Strassen's algorithm reduces the total number of operations to
O(*n*^{2.82}) by recursively multiplying
2*n* × 2*n* matrices using seven
*n* × *n*
matrix multiplications.

Floating-point error bounds are obtained for both Strassen's and Winograd's methods. It is shown that Strassen's method satisfies a certain numerical stability property (albeit weaker than that satisfied by the normal method); and that scaling is essential for numerical accuracy using Winograd's method.

In practical cases, for moderate *n*,
Winograd's method appears to be slightly faster than the other two
methods, but the gain is, at most, about 20 percent.
Strassen's method should be faster for sufficiently large *n*,
and this will be important in the future as memory sizes increase.

An attempt to generalize Strassen's method is described.

The error analysis of Strassen's algorithm shows that, although it is not
as stable componentwise as the normal algorithm, it is sufficiently stable
to be usable in implementations of Level 3 Basic Linear Algebra Subroutines
(BLAS). (This was not pointed out in the report since Level 3 BLAS had not
been invented at the time.)
For more recent results along similar lines, see
J. Demmel, I. Dumitriu and O. Holtz, "Fast linear algebra is stable",
*Numer. Math.* 108 (2007), 59-91.

For an error analysis of the application of Winograd's identity to LU factorization, see Brent [4].

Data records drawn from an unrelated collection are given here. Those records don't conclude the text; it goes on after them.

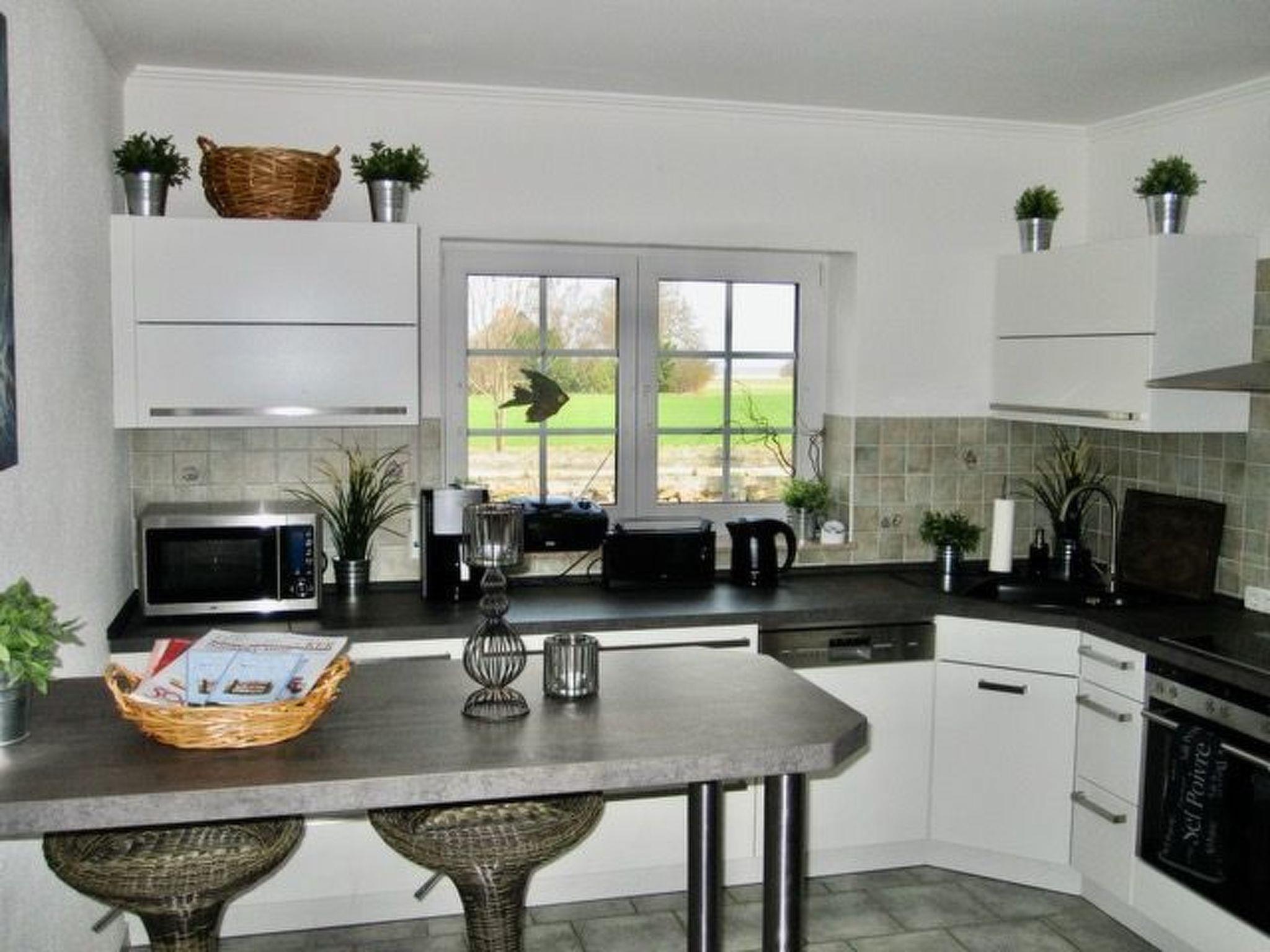 Kitchen equipped with: Bar counter with Bodden view, induction cooker, oven, microwave, fridge with freezer compartments, coffee machine, teapot, thermos flask, blender, hand mixer, kettle, etc.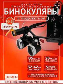 Бинокулярные очки-лупы x3,5 с подсветкой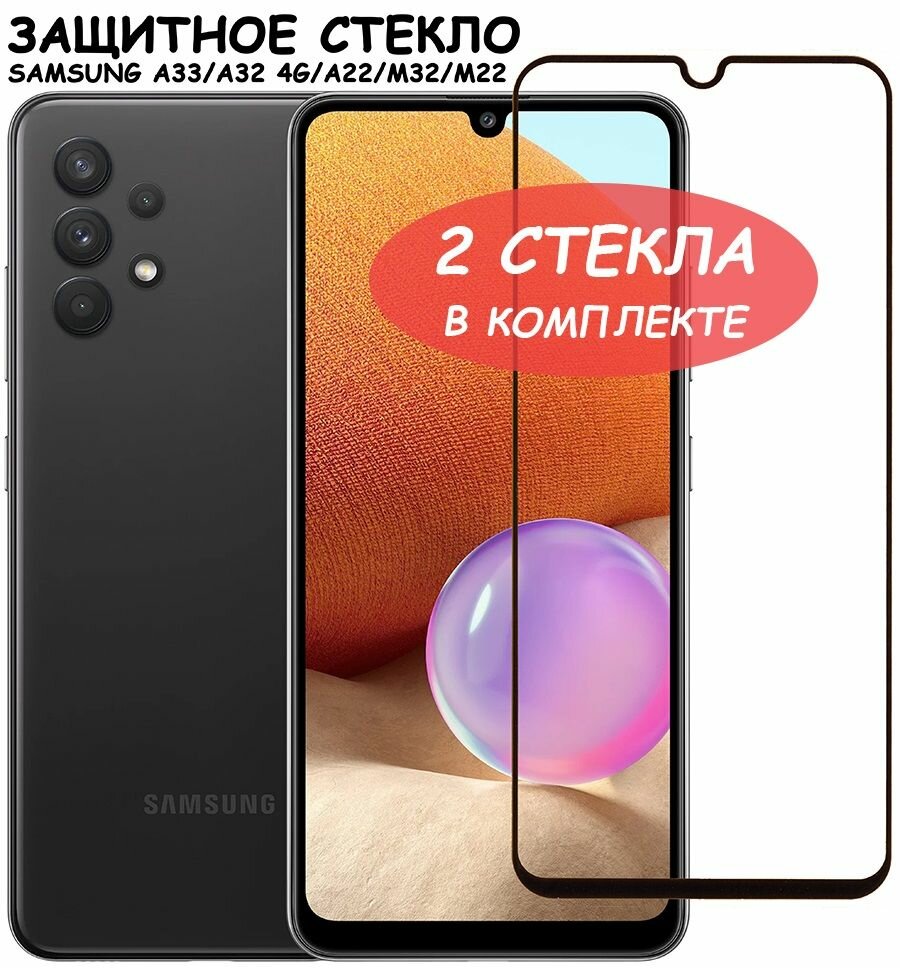 Купить Защитное стекло "Полное покрытие" для Samsung A336B A325F A225F M325F (A33 A32 4G A22 M32 M22)/самсунг а33 5 джи а32 4 джи а22 м32 м22 Черное - 2 стекла в комплекте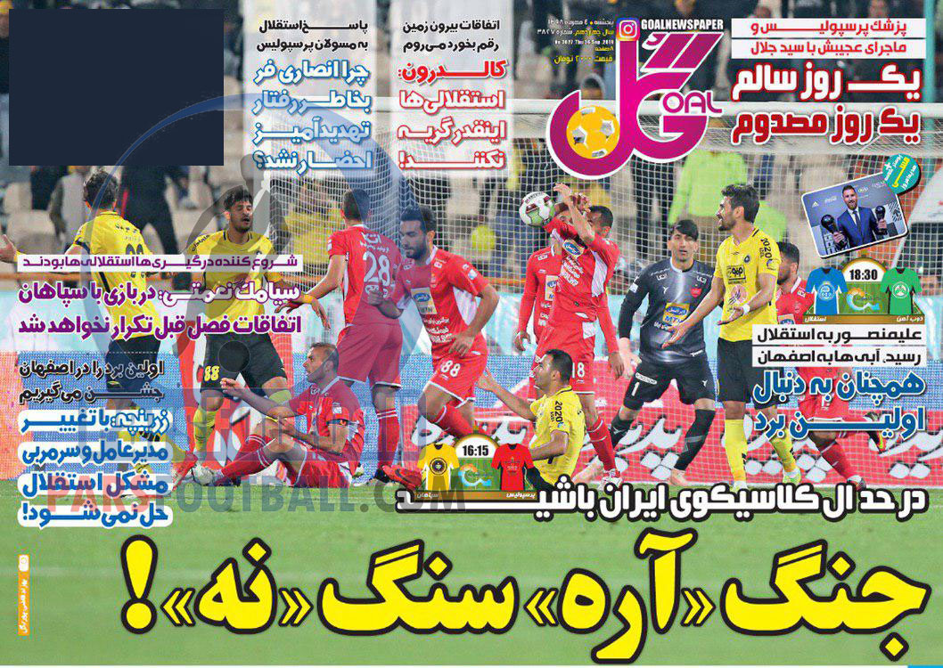 عناوین روزنامه گل پنجشنبه ۴ مهر ماه به شرح زیر است :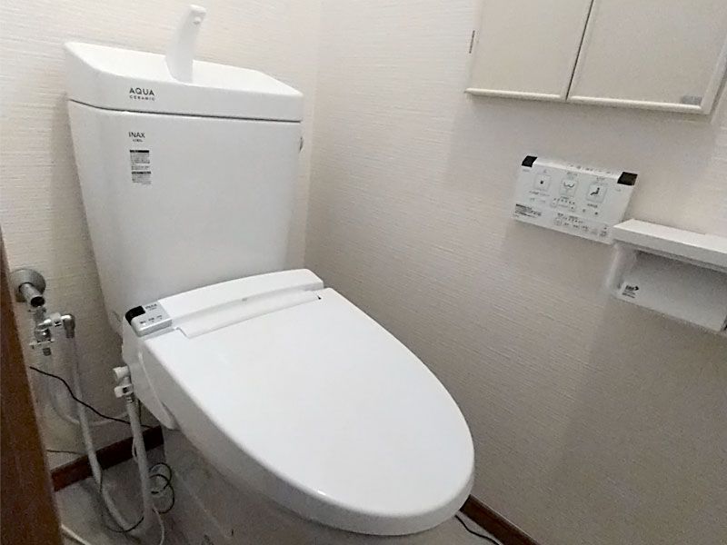 トイレ本体:LIXIL アメージュ(フチレス) 温水洗浄便座:LIXIL KA21QC タオルリング:LIXIL KF-91A 紙巻き器:LIXIL CF-AA64 他:クロス、クッションフロア貼替 |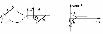 23、如图所示,两足够长且电阻不计的光滑金属轨道,间距为d=100cm,在左端斜轨道部分高h=1.25m处放置一金属杆a,斜轨道与平直轨道以光滑圆弧连接,在平直轨道右端放置另一金属杆b,杆a、b电阻Ra=2Ω,Rb=5Ω,在平直轨道区域有竖直向上的匀强磁场,磁感强度B=2T。现杆b以初速度v0=5m/s开始向左滑动,同时由静止释放杆a,杆a由静止滑到水平轨道过程中,通过杆b的平均电流为0.3A;从a下滑到水平轨道时开始计时,a、b杆运动图象如图所示(以a运动方向为正),其中ma=2kg,mb=1kg,g=10m/s2,求(1)杆a落到水平轨道瞬间杆a的速度v;(2)杆a 在斜轨道上运动的时间;(3)杆a在水平轨道上运动过程中通过的电量;(4)在整个运动过程中杆b上产生的焦耳热。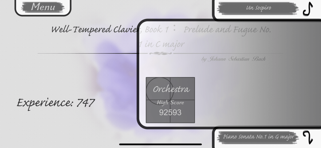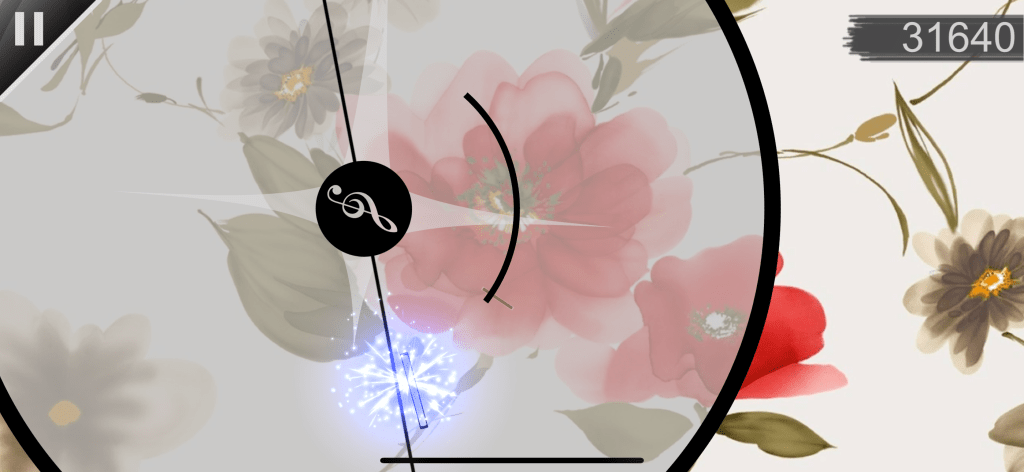 The game’s visual design centers around a minimalist UI with beautiful background image and effects, reflecting its classical music theme. Vibrant colors are sparingly used as positive feedback for perfect or good hits, adding contrast and reinforcing player success.

The conjecture (on page 42)
that 3x3 matrix multiplication can be performed with 23
multiplications was proved by
Julian D. Laderman [*Bull. Amer. Math. Soc.* 82, 1, Jan. 1976, 126-128].

Recently, a
paper by
Fawzi et al [*Nature* Vol 610, 6 Oct 2022, pg. 47],
discusses some new algorithms, notably one with 47 multiplications for
4x4 matrix multiplication (improving on Strassen's 49). However, it should
be noted that the new algorithms only seem to work over the finite field
GF(2) with two elements, and not over the rational, real, or complex fields.
Thus, their application to scientific computation is not clear.

For other developments see Chapters 14-15 of
Burgisser, Clausen and Shokrollahi,
* Algebraic Complexity Theory*,
Springer, 1997;
also recent papers by
Chris Umans *
et al* on an interesting approach via group algebras.